George W. Bush's actions to support waterboarding were far more sinister and relevant to the office of president than anything Bill Clinton did. Though as you say here forgiveness is possible; though repentance should be part of the process as it was for David.
Nice example of transforming instead of opposing, Richard (if I've correctly guessed the inspiration for this post)!
Yes, if we were to excise the parts of the Bible written by or featuring morally flawed characters, we wouldn't have a whole lot left. And I guess it helps if you understand the first few chapters of Genesis as a description of relationships being damaged - between us and our neighbours, the natural environment and God - rather than a loss of purity. The whole Biblical narrative can then be read in terms of a grand, universal process of reconciliation - written by and about those who are part of that process.
I wonder what reception our leaders would get if they were more open about their own struggles. Perhaps our difficulties with the psalms are more an indictment of us than their authors.
Yes. I wanted the post to be more about us than David.
Well, this assumes that David actually wrote the Psalms.
I'm aware.
David (if I understand him correctly) was humble and repentant before God. He understood the gravity of his sins. What we see today from Washington, Hollywood, and the sports world is not repentance -- it is the sorrow of being exposed -- crocodile tears and all.
Do we forgive those who continually apologize while never changing their bad behavior? At what point in our attempts at reconciliation do we become complicit in the crimes of another?
If David was "after God's own heart", is there hope that I can get some crumbs off that table?
Not to disagree, but just to nuance the conversation. David also had a prophet, in a very public setting, sent to him. Few of us have God helping us out in such direct, public, and confrontational ways.
Regardless, would we be singing the songs of a convicted murder even if they were repentant? I expect people would still have a hard time letting that go. Particularly if they knew the victim's family.
Not to disagree, but just to nuance the conversation. David also had a prophet, in a very public setting, sent to him. Few of us have God helping us out in such direct, public, and confrontational ways.
Regardless, would we be singing the songs of a convicted murder even if they were repentant? I expect people would still have a hard time letting that go. Particularly if they knew the victim's family.
When Jesus tells Peter that forgiving someone up to seven times is a bit shy of seventy times seven, was he suggesting this should apply to new and different offenses? Or is this appropriately applied even when someone does the same thing over and over and we question the "sincerity of their repentance"?

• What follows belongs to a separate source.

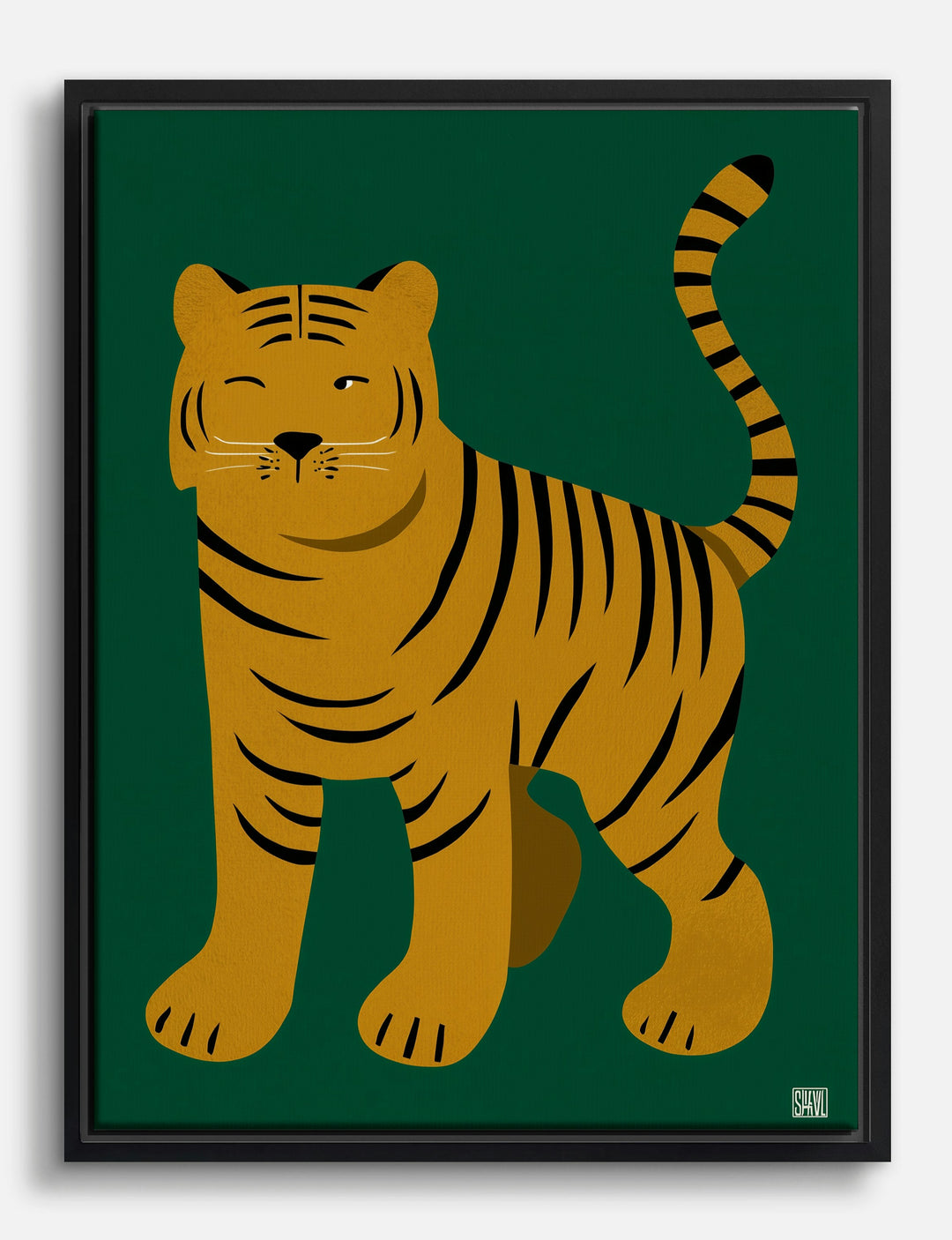 There’s something instantly uplifting about a tiger’s confident stance — and this piece delivers that wild energy straight to your walls. With bold stripes and a rich emerald green backdrop, it’s both playful and powerful, the kind of art that sparks conversation and brings a burst of character to any space. Perfect for your living room or bedroom, this tiger’s golden hues and graphic lines pop against neutrals or add drama to colorful decor. It’s a unique accent that says you’re not afraid to show your stripes — or your style. Let this modern feline remind you every day that your home is your sanctuary, and transforming it is as easy as choosing art that makes you smile. You’ll love the pride and personality this piece brings into your space.
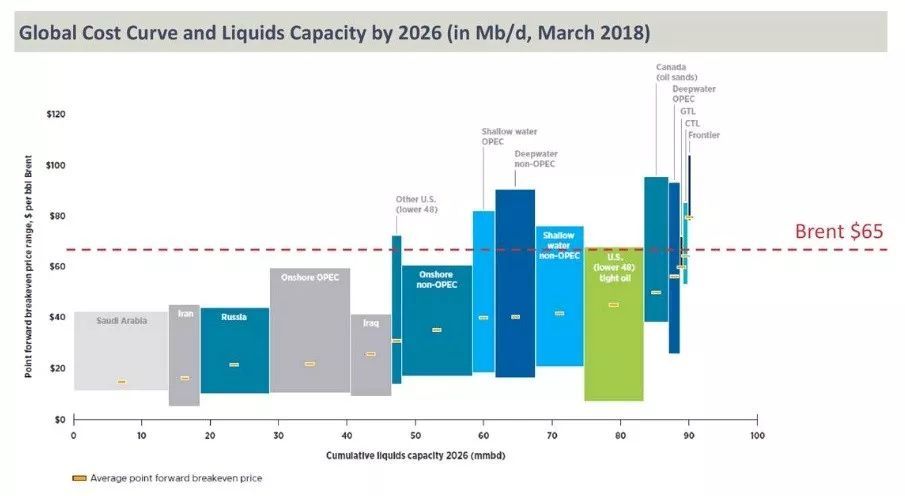 根据老牌能源研究机构Wood Mackenzie报告,油价在65美元附近所有石油生产商都有的赚,其中沙特、伊朗、俄罗斯等产油大国的盈亏平衡价(breakeven price)最低,只要油价不跌破20美元,就不会亏本,当然也不会赚。

My own repentance seems (to me) to be most sincere after I have truly been forgiven. I become much more sorry that I have hurt someone else and acted outside what I wanted when the penalty is waved and it is called "all good". This somehow has a powerful means to change my heart (and my children's when given to them), that a consequence or punishment seems to do.
Punishment seems to reinforce the sorrow of being caught. Forgiveness seems to reinforce the sorrow of committing the offense and inspires a resolving or turning from my previous ways to live differently... at least in my vast experience of needing and receiving forgiveness.
So just how precious was David's posture before God every time he entered and exited his Home for Concubines?
I love the phrase "the scandal of grace."
Nicely expressed point, Pdrhwr (how does one pronounce that, by the way?)
The same can be said for rewards, too, I think. So many of our classrooms give merits, stars or other rewards for 'good' (read 'making the teacher's life easier') behaviour. In doing so, are we robbing our children of their intrinsic pleasure in making socially responsible choices and commodifying their moral options into an extrinsic 'what's it worth' response?
Incidentally, I read a study the other day that found that bonuses (such as those received by hedge fund managers) above a certain level start to act purely as measures of relative status. I got a bigger bonus than my rival. This seems to me to be the logical, absurd and deeply immoral conclusion of an education system that commodifies morality before stripping it of ethics.
Hmmm, the surviving spouses/children of the 70,000 soldiers that HAD TO BE slain (according to God) because David stubbornly insisted on counting his army, despite Joab's advice - I wonder what their take is on David's Psalm compositions.
Gary Y.
Beautiful insight.
We truly repent when we realize that we ARE forgiven... not in order to receive forgiveness. Traditional "Christian" thinking has it backwards.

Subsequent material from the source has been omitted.